**Data extract**
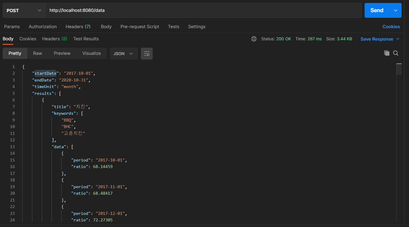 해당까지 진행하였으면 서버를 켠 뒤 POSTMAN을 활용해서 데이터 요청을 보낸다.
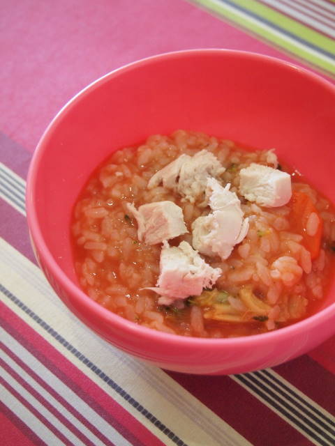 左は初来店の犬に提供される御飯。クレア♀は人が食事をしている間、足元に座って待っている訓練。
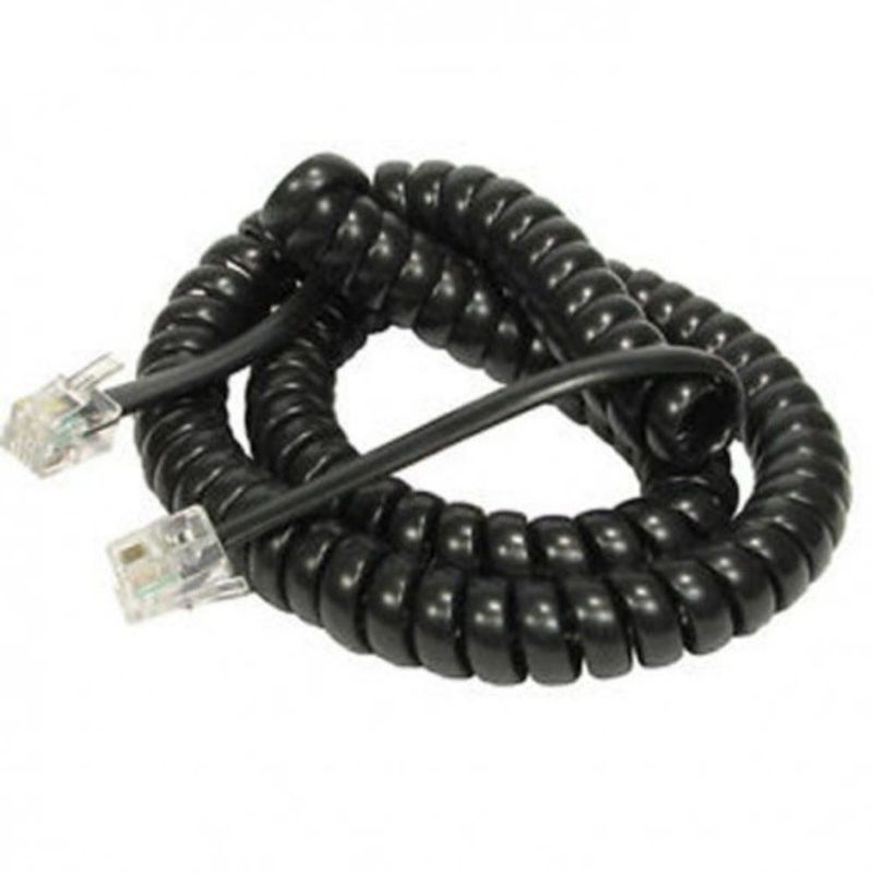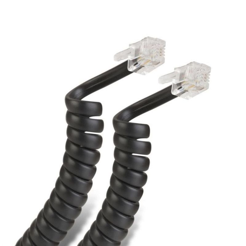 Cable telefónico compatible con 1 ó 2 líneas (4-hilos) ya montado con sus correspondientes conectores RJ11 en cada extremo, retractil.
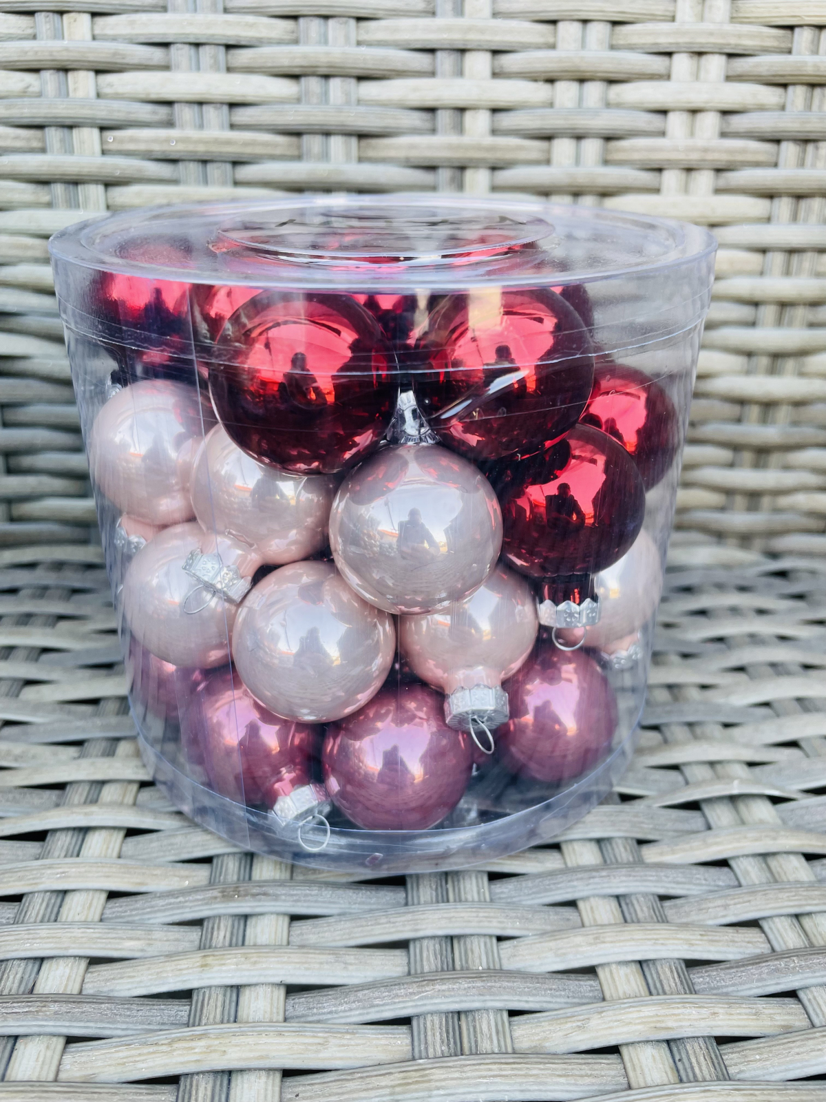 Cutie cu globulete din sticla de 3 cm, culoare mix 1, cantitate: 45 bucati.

**Your goal**
Give back the whole of the material exactly, with the pictures removed.

**Answer for this exercise**
 해당까지 진행하였으면 서버를 켠 뒤 POSTMAN을 활용해서 데이터 요청을 보낸다.
 左は初来店の犬に提供される御飯。クレア♀は人が食事をしている間、足元に座って待っている訓練。
 Cable telefónico compatible con 1 ó 2 líneas (4-hilos) ya montado con sus correspondientes conectores RJ11 en cada extremo, retractil.
 Cutie cu globulete din sticla de 3 cm, culoare mix 1, cantitate: 45 bucati.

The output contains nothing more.